What you should do | Only the lines below from the one containing "LEINER, Al, (American, 1938-2001): ''The" through the one containing "うつ病を患う60歳女性で、自" belong in the answer, repeated exactly and without pictures.

---------- Data for review

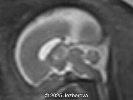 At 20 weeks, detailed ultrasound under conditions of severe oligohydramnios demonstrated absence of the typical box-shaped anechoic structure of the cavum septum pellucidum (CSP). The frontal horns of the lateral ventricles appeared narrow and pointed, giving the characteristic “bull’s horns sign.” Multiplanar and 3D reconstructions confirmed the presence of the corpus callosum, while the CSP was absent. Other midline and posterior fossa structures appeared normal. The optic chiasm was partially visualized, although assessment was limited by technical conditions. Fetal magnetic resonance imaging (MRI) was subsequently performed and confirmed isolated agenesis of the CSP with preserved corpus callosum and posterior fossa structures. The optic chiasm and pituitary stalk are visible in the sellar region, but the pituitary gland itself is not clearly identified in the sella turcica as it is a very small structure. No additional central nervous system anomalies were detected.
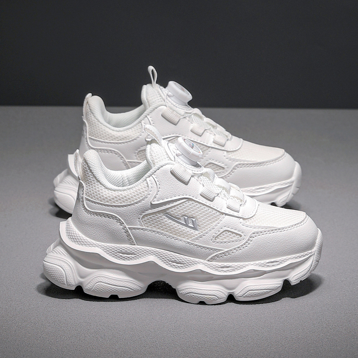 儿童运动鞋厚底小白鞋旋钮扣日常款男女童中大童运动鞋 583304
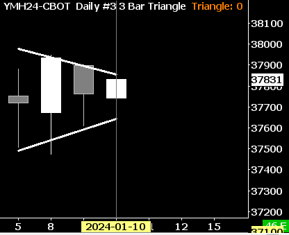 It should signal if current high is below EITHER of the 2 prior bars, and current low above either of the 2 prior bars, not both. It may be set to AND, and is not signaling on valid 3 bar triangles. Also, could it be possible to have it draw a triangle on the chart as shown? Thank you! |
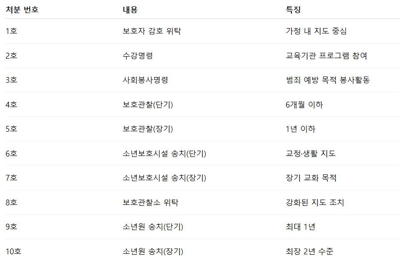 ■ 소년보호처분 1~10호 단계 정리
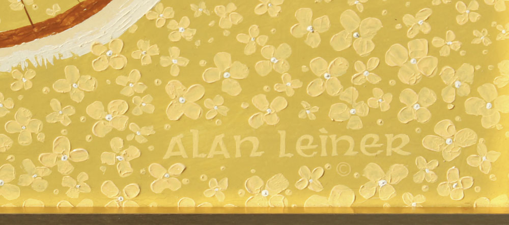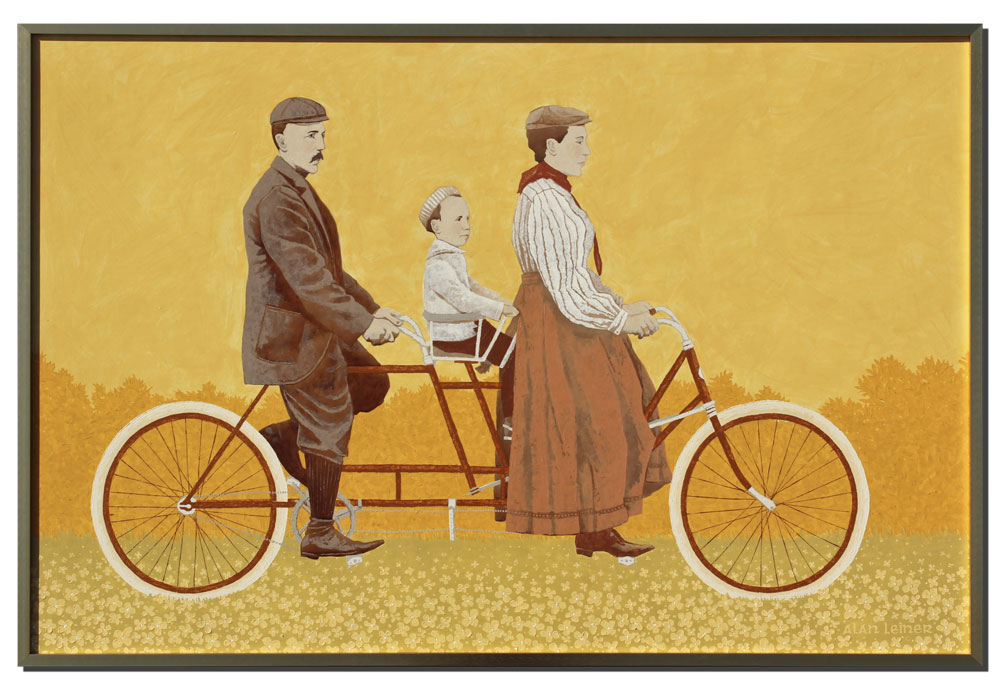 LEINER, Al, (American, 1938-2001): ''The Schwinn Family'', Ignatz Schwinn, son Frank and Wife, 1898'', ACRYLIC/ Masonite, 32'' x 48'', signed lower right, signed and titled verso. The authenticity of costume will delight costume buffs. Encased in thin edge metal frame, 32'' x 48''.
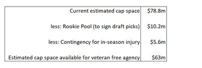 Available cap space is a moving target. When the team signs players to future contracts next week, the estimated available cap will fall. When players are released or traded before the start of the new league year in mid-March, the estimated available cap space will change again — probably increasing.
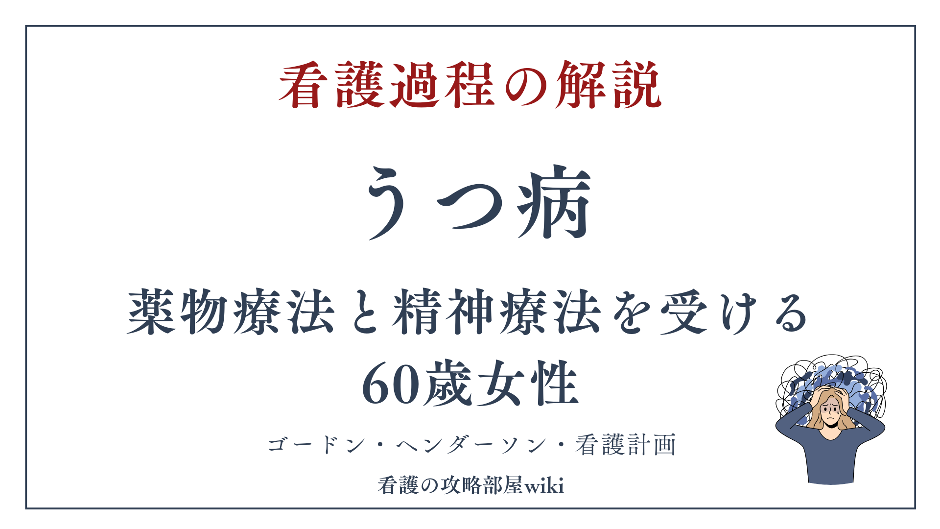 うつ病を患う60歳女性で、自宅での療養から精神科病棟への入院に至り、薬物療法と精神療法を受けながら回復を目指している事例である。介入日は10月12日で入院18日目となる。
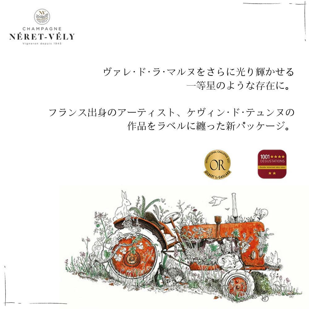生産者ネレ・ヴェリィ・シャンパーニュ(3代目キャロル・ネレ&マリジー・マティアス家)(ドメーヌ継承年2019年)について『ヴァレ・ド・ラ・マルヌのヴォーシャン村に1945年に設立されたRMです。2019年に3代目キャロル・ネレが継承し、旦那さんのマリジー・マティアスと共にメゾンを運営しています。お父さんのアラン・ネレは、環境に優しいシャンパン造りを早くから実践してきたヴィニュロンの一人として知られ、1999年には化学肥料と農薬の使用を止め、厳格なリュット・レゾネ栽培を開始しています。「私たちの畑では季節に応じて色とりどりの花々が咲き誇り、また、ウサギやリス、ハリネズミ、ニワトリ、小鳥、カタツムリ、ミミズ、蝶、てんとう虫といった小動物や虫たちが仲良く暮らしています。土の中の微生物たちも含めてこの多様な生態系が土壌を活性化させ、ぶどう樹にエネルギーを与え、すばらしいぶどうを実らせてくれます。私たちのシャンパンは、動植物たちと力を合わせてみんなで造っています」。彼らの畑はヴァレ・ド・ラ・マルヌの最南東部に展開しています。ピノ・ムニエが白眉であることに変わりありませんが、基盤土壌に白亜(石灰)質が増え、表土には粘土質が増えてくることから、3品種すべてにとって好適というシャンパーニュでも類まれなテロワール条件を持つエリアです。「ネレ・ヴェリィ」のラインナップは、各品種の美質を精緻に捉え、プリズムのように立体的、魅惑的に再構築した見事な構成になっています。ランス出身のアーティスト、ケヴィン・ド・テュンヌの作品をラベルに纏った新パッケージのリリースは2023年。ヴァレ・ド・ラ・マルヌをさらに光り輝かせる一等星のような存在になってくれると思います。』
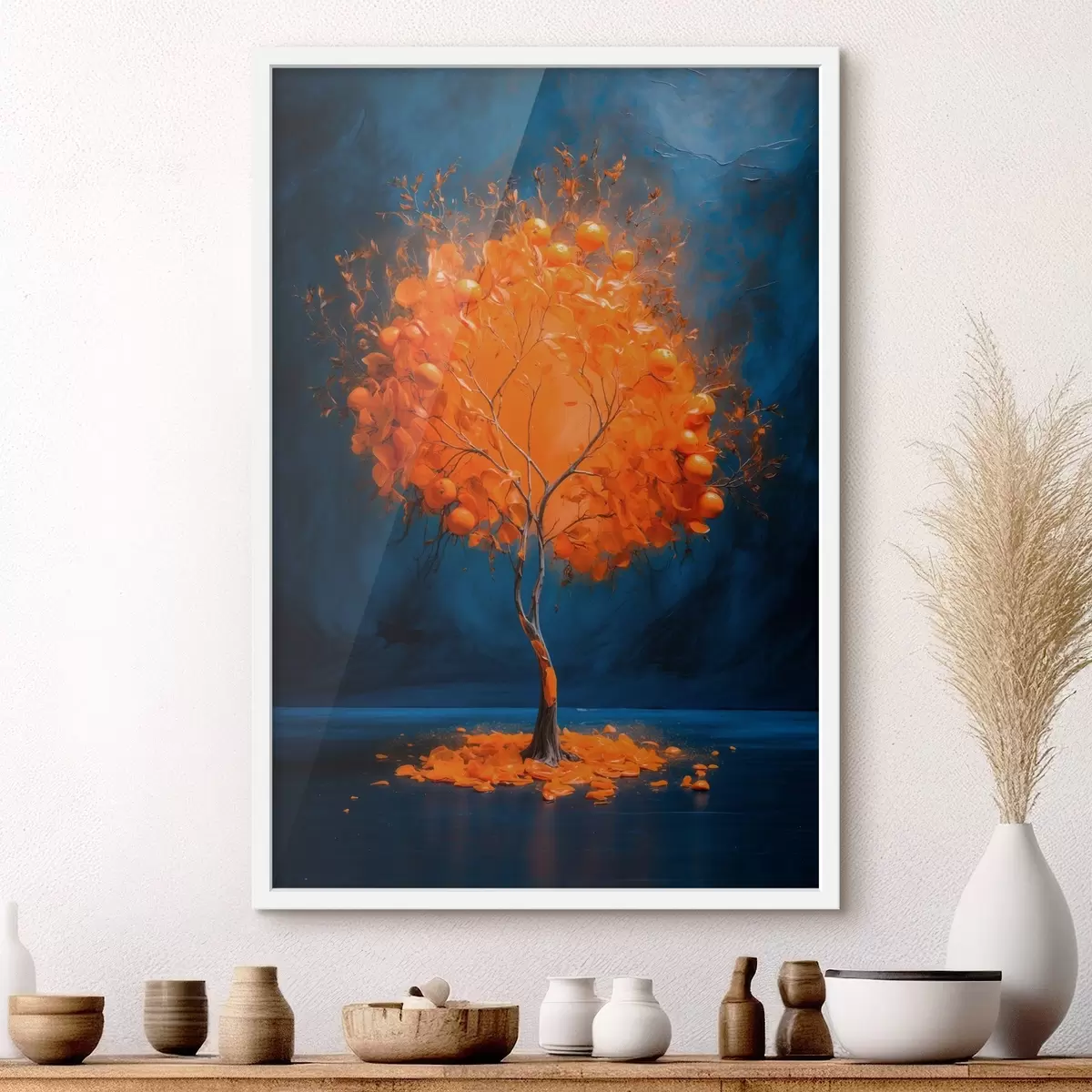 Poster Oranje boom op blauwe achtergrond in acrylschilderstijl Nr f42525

--------------------

Written reply |
 LEINER, Al, (American, 1938-2001): ''The Schwinn Family'', Ignatz Schwinn, son Frank and Wife, 1898'', ACRYLIC/ Masonite, 32'' x 48'', signed lower right, signed and titled verso. The authenticity of costume will delight costume buffs. Encased in thin edge metal frame, 32'' x 48''.
 Available cap space is a moving target. When the team signs players to future contracts next week, the estimated available cap will fall. When players are released or traded before the start of the new league year in mid-March, the estimated available cap space will change again — probably increasing.
 うつ病を患う60歳女性で、自宅での療養から精神科病棟への入院に至り、薬物療法と精神療法を受けながら回復を目指している事例である。介入日は10月12日で入院18日目となる。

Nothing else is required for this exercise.